In fact, it is reasonable for a person wishing to talk to appellant, given the winter conditions and the difficulty in descending into the snow-filled ditch, to ask him to come out of the ditch. A seizure does not generally occur when an officer approaches a vehicle during winter conditions to assist the driver because it is common practice to approach stopped vehicles in winter out of concern for the welfare of the occupants. See Blank v. Comm’r of Pub. Safety, 358 N.W.2d 441, 442-43 (Minn. App. 1984); see also State v. Pfannenstein, 525 N.W.2d 587, 588-89 (Minn. App. 1994) (holding that officer approaching seemingly stranded motorcycle did not constitute seizure); Kozack v. Comm’r Pub. Safety, 359 N.W.2d 625, 627-28 (Minn. App. 1984) (holding that officer approaching a stranded vehicle does not constitute a seizure). It follows, then, that the less intrusive act of requesting an individual to come out of a snow-filled ditch to determine if help is needed is also generally not a seizure. In this case, the trooper testified that he decided to “check on the driver” because “[i]t seemed weird that a snowmobile would be at the same spot for a long period of time.” Given the circumstances, a reasonable person would not have concluded that the officer was investigating criminal wrongdoing and that he was not free to leave.

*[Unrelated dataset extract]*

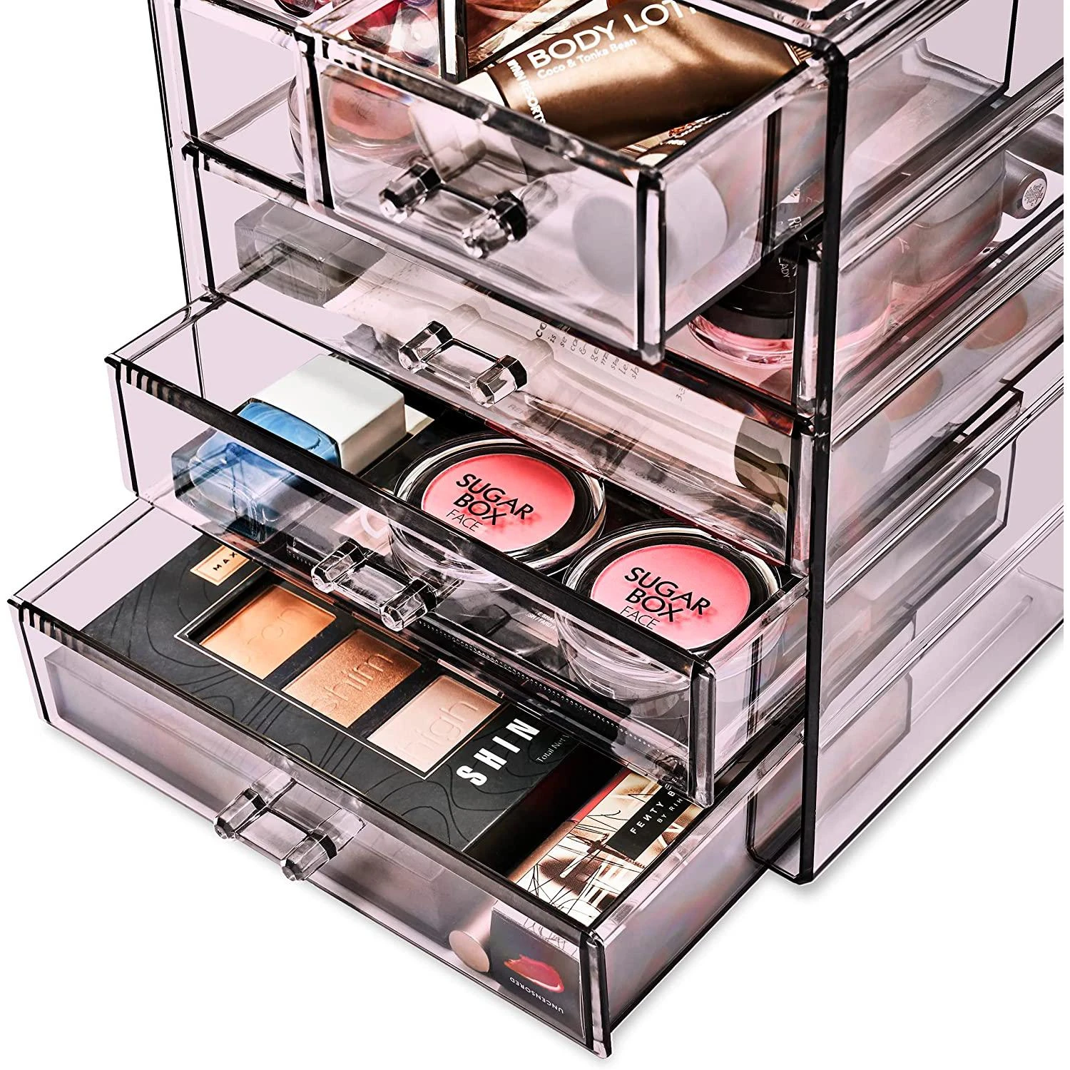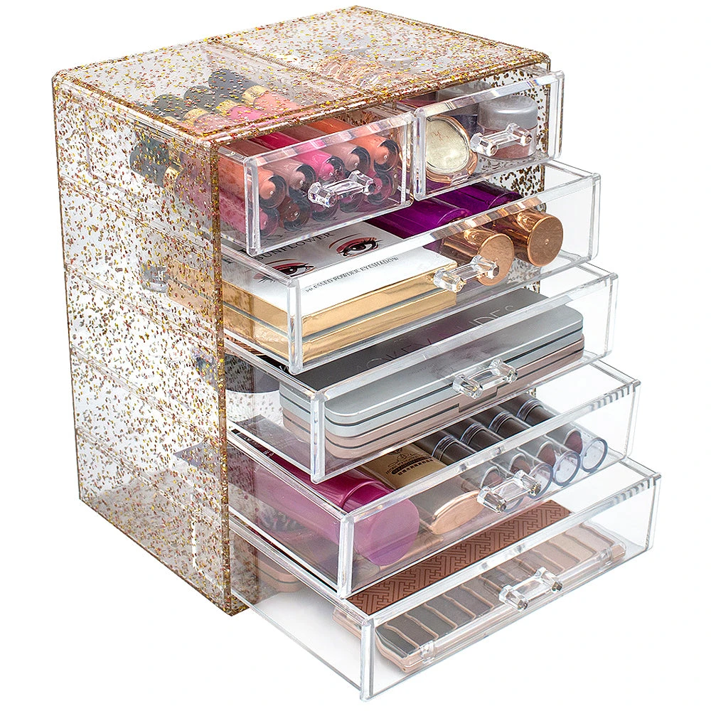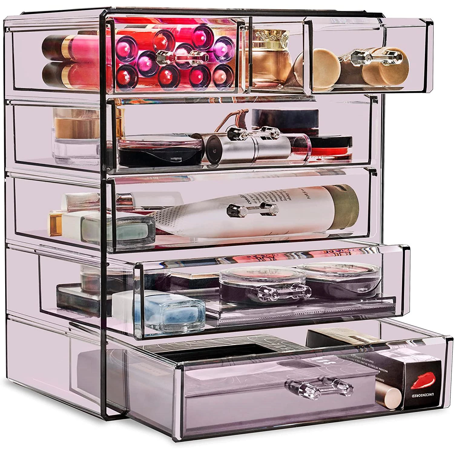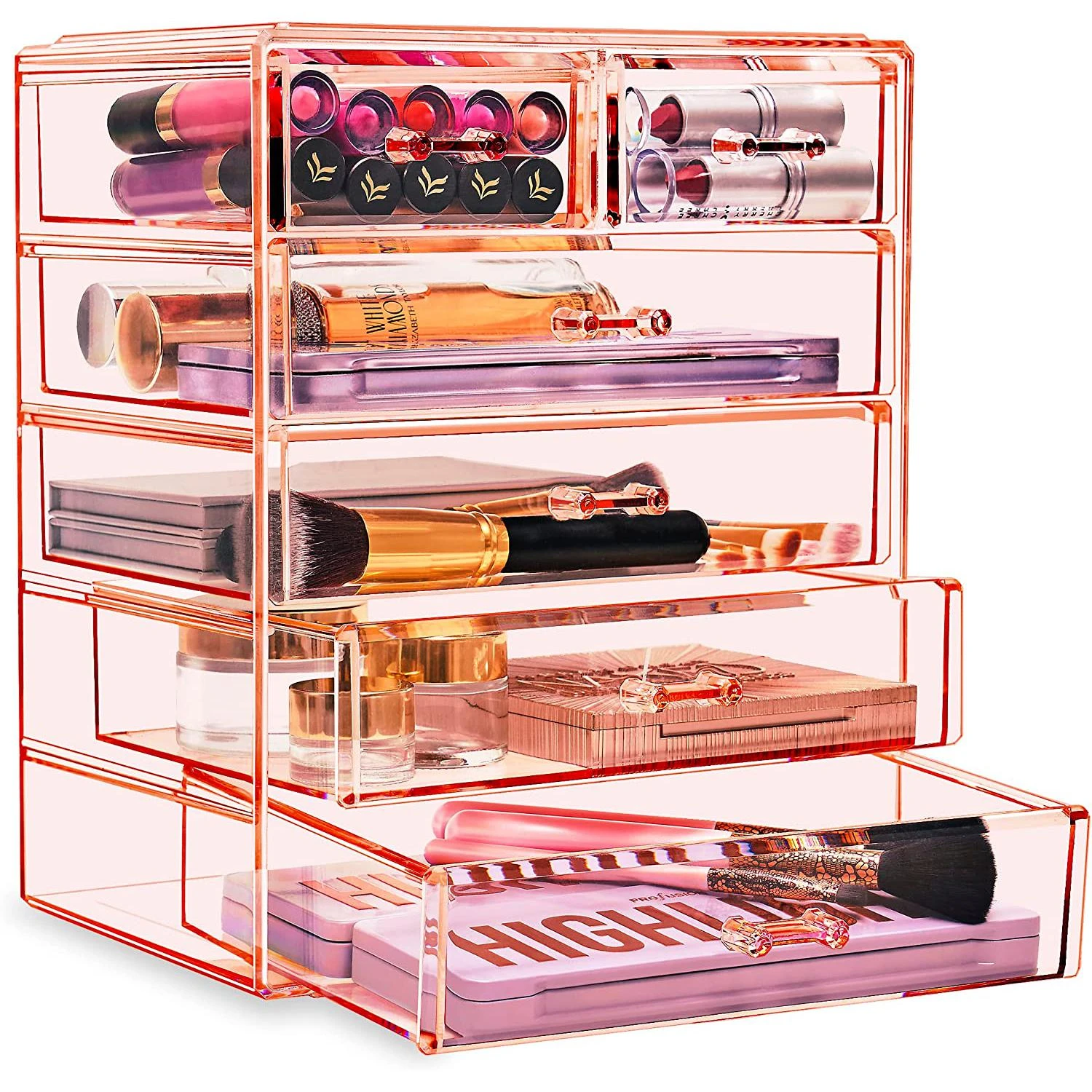 Turn your loose makeup into your very own beauty counter! This drawer organizer features clear construction to store your products with an effortless view. Four drawers on the bottom are ideal for oversize cosmetics, while the top two drawers hold smaller items. Drawers slide open smoothly and handles are easy to grip. Removable black mesh padding is included to keep items protected and in place. With an interchangeable design, it stacks and/or coordinates with other Sorbus organizers as your collection grows. Don’t limit your imagination to beauty needs! Crafts, grooming tools, jewelry, and other personal items can be beautifully organized within these drawers. For convenience, you’ll always see your products right when you need them most while adding a chic display to your countertop. (Makeup NOT INCLUDED).

Appellant also alleges that when the trooper asked him to exit the ditch and take off his helmet, he was seized because the request for appellant to take off his helmet was “unnecessary” and a product of the trooper’s “hunch” that appellant was engaged in criminal wrongdoing. Appellant relies on State v. Johnson for the proposition that an investigatory stop based on the hunch of criminal wrongdoing, without additional evidence of criminal misconduct, violates the Fourth Amendment. 444 N.W.2d 824, 825-26 (Minn. 1989). But the district court’s findings do not support the allegation that the trooper requested appellant to remove his helmet because of a hunch of criminal wrongdoing. The district court found that
[the trooper] requested that the helmet be removed for three distinct reasons. One reason was to facilitate voice communication. A second reason was officer safety (apparently based on the opinion that his ability to view the eyes of a person could serve to alert him to potential actions and contribute to his safety along the side of a busy highway in non-daylight hours). A third reason was [the trooper’s] opinion that the point of focus of a person’s eyes is an indicator of whether they are speaking truthfully.
Additionally, in Minnesota, it is customary and courteous for a person to remove their helmet before engaging in conversation. We are not prepared to say that, as a matter of law, any time a person is requested to remove their helmet the encounter becomes a seizure.
Under these facts, appellant was not seized as a matter of law when the trooper requested he exit the ditch and remove his helmet. Because appellant was not seized, it is not necessary to examine whether the trooper had reasonable and articulable suspicion at that time, and we conclude that the district court did not err by failing to suppress evidence as fruit of illegality.
* Retired judge of the Minnesota Court of Appeals, serving by appointment pursuant to Minn. Const. art. VI, § 10.